TASK INPUT
◇ ◇ ◇ ◇ ◇ ◇ ◇

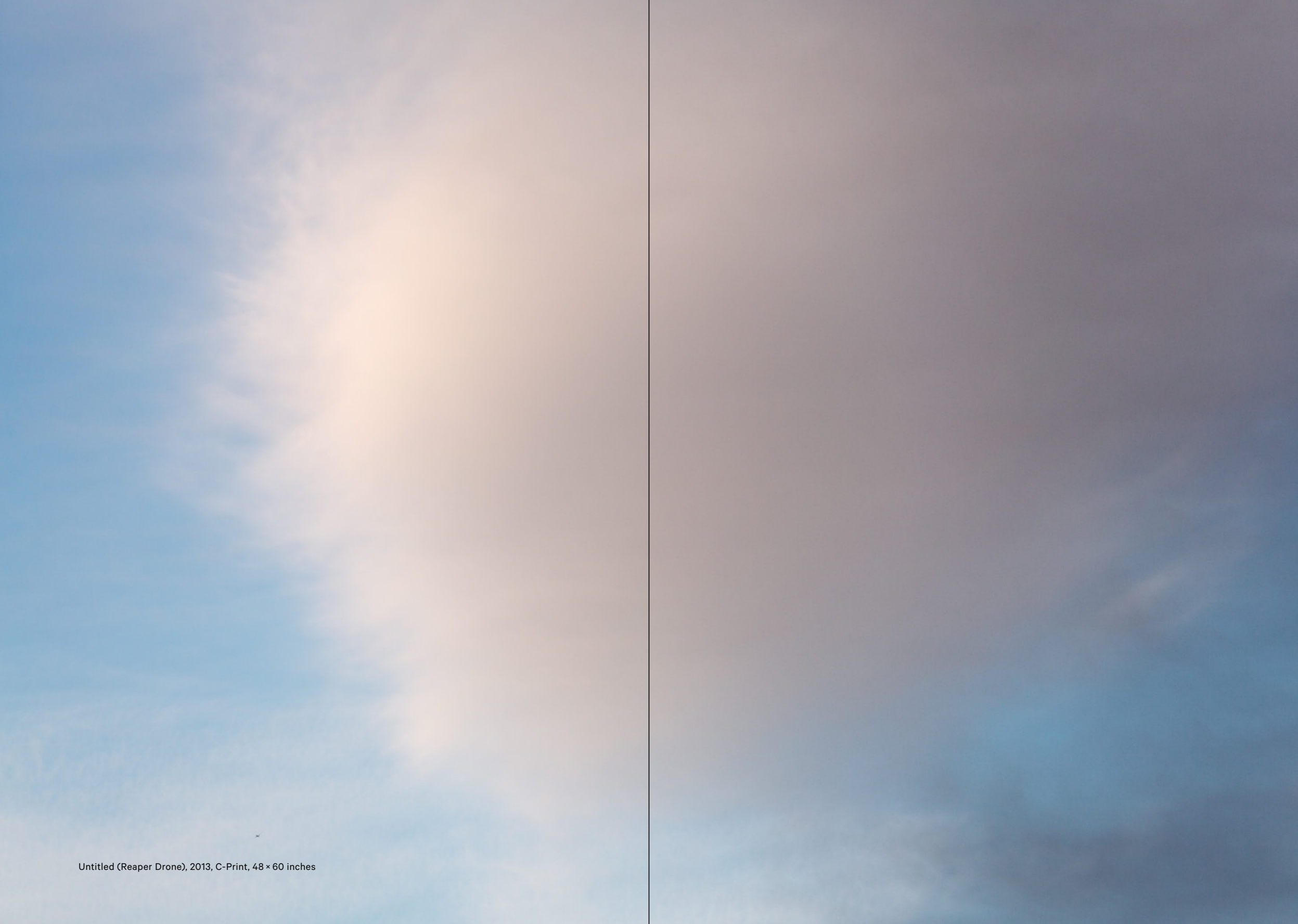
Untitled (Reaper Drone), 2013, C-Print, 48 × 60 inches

◇ ◇ ◇ ◇ ◇ ◇ ◇

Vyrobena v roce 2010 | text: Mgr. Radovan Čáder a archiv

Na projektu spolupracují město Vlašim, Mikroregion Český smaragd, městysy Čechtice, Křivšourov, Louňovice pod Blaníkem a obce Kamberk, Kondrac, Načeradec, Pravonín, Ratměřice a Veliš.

◇ ◇ ◇ ◇ ◇ ◇ ◇

WHAT THE EXERCISE ASKS
Of all the entries above, repeat only the lines from the line that has "Vyrobena v roce" to the line that has "Na projektu spolupracují", both lines included, exactly.

WRITTEN ANSWER
Vyrobena v roce 2010 | text: Mgr. Radovan Čáder a archiv

Na projektu spolupracují město Vlašim, Mikroregion Český smaragd, městysy Čechtice, Křivšourov, Louňovice pod Blaníkem a obce Kamberk, Kondrac, Načeradec, Pravonín, Ratměřice a Veliš.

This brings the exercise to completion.